Welcome back, as I resume new comics this month! Over the summer, I came across a story from a woman named Torria on "Humans of New York." She said of her childhood, "I was just going through so much, you know. Horrible things were being done to me. Horrible, terrible things. So I’d use whatever I could. I’d pay attention to anything that made me happy. That’s one thing I can do: pay attention. It comes from something within me. We all have it. But you know, I tap into it. I still do. I just took a picture of a flower this morning. I’m so grateful. I’m telling you, I’m so grateful that I came out of the darkness. Maybe my journey wasn't to make money or to be successful or anything. It was just to recover."

I just read and re-read that statement, and came back to it weeks and even months later: "My journey wasn't to make money or to be successful or anything. It was just to recover."

And it brought to mind how unfair life can be. How different our experiences are, how due to "man's fault" -- the fault of humanness, our ability to inflict unspeakable pain on someone, to plunge another being into darkness -- someone might never fulfill some potential for greatness. It's just not fair.

There is no known reason that I can understand which explains why I was born into the life I have, and the opportunities availed to me, while somewhere else, another woman who might have been a greater artist, a more heart-touching poet, or a more nurturing mother, is struggling to keep herself alive in a civil war.

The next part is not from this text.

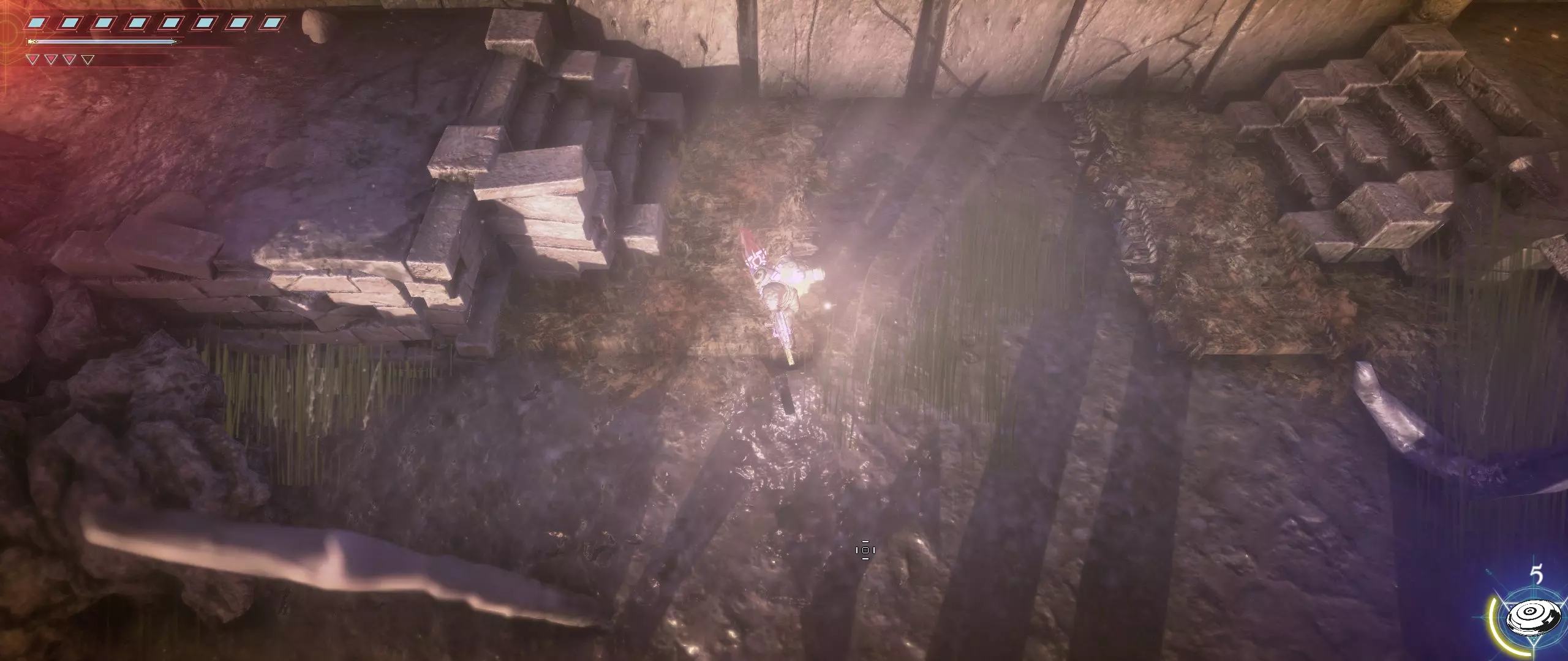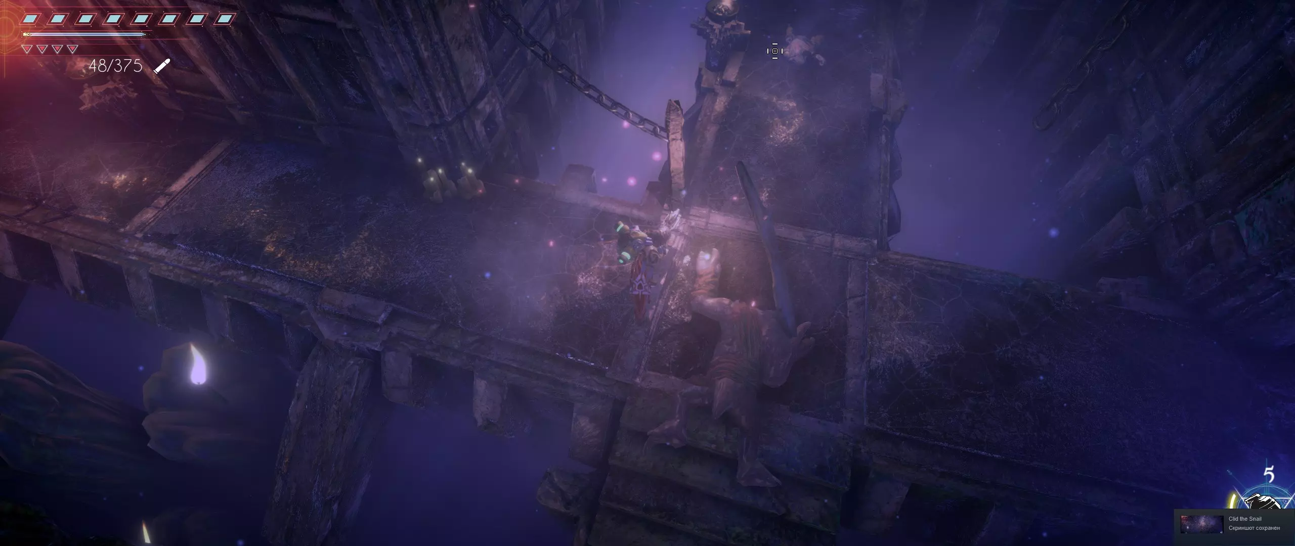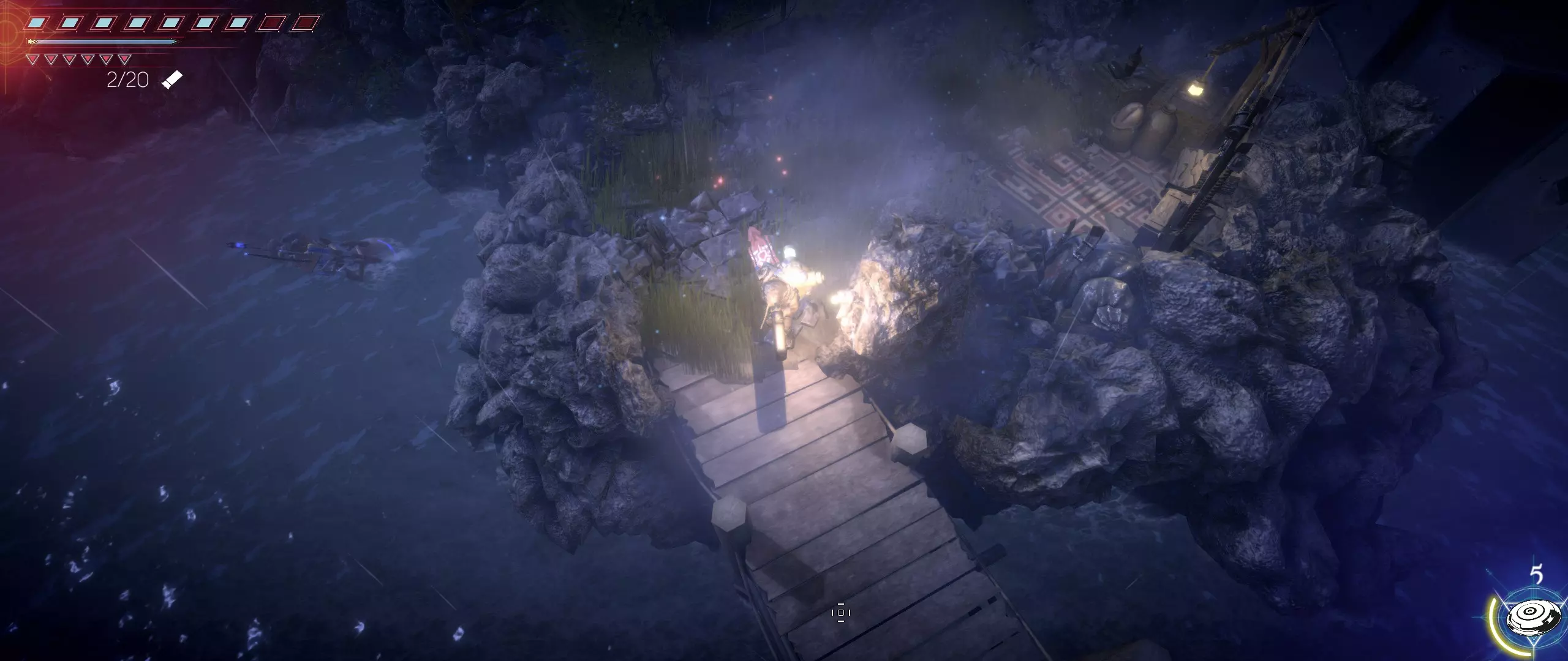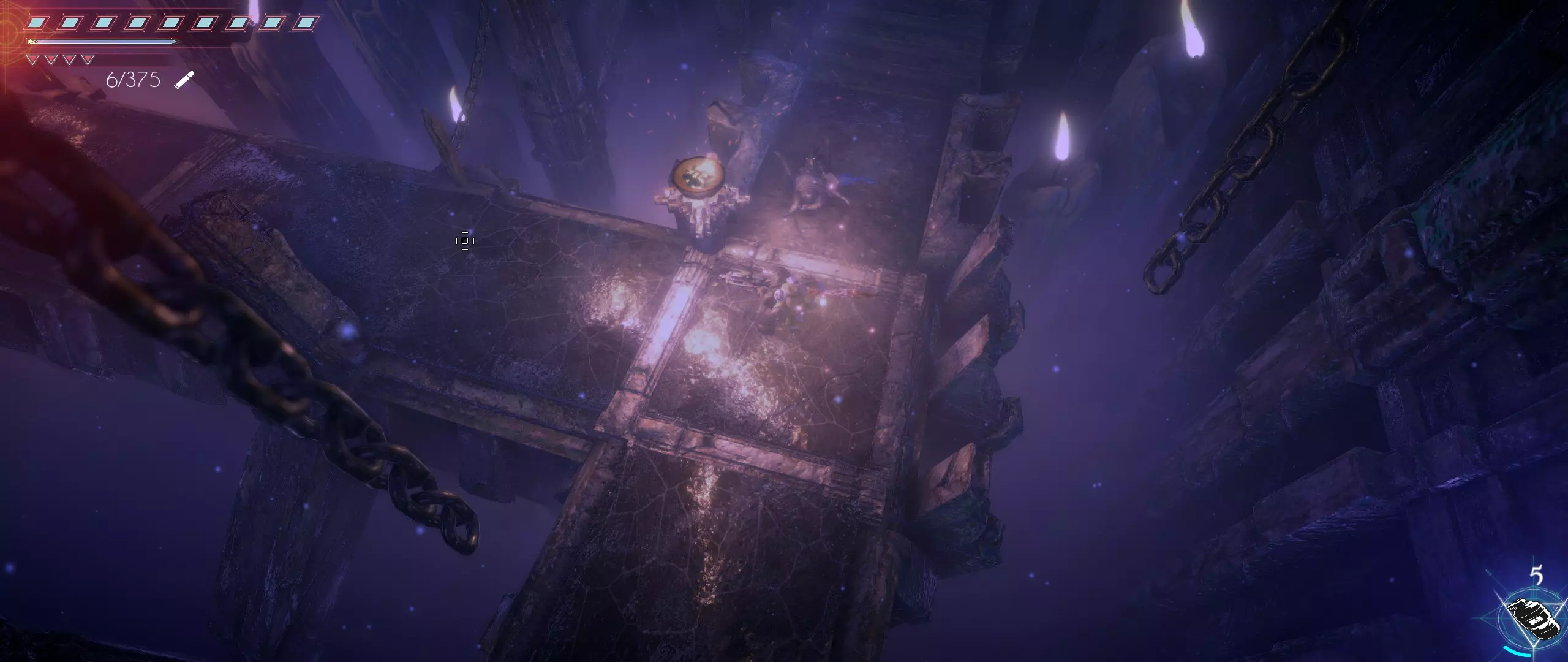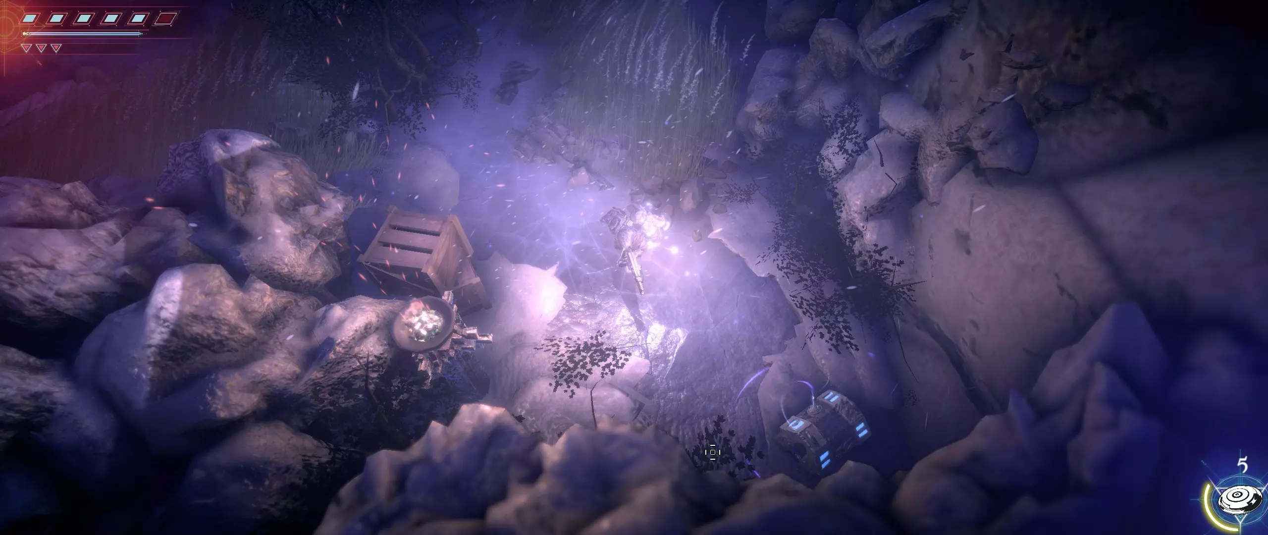 接下来,我们往回走,来到一个小悬崖边,克利德将从这里跳下去。下面会有很多敌人,并且同样有两条后续路线可选。在找到种子之前,绝对不要踏上那个通过拉杆启动的平台,否则就再也回不来了。首先选择从克利德跳落位置沿地图向下的路线。这条路会带我们登上岩石顶端。一直向右走,直到看到石台上的火焰和一个孤零零的宝箱。在它们之间会发现一条通往木桥的通道。

I can't judge the world on the basis of fairness. It would break my heart and drive me crazy with anguish every time. Instead, I've been trying to look at it from the Confucian perspective that each of us must simply "discharge one's duties" in life. I return to Torria and how the darkness of her childhood kept her in shadows from which she was lucky to emerge. Michael Meade says, "The fateful event of being wounded early in life creates the need for a deep healing process that becomes the path of awakening for each person." No, it wasn't fair that she suffered through such darkness. It was wrong, and she deserved better. And at the same time, she discharged her duty to herself to recover. And who can say that that's not enough? It's more than enough. It's amazing.

So what is the implication for someone whose "path of awakening" is more accessible? I guess I, too, must discharge my duties be responsible to myself and because I have the means, to live beholden to those around me. No, I can't make life fair, and I can't make the whole world just, but I can make some good for others through good work. And maybe that's all that I should expect.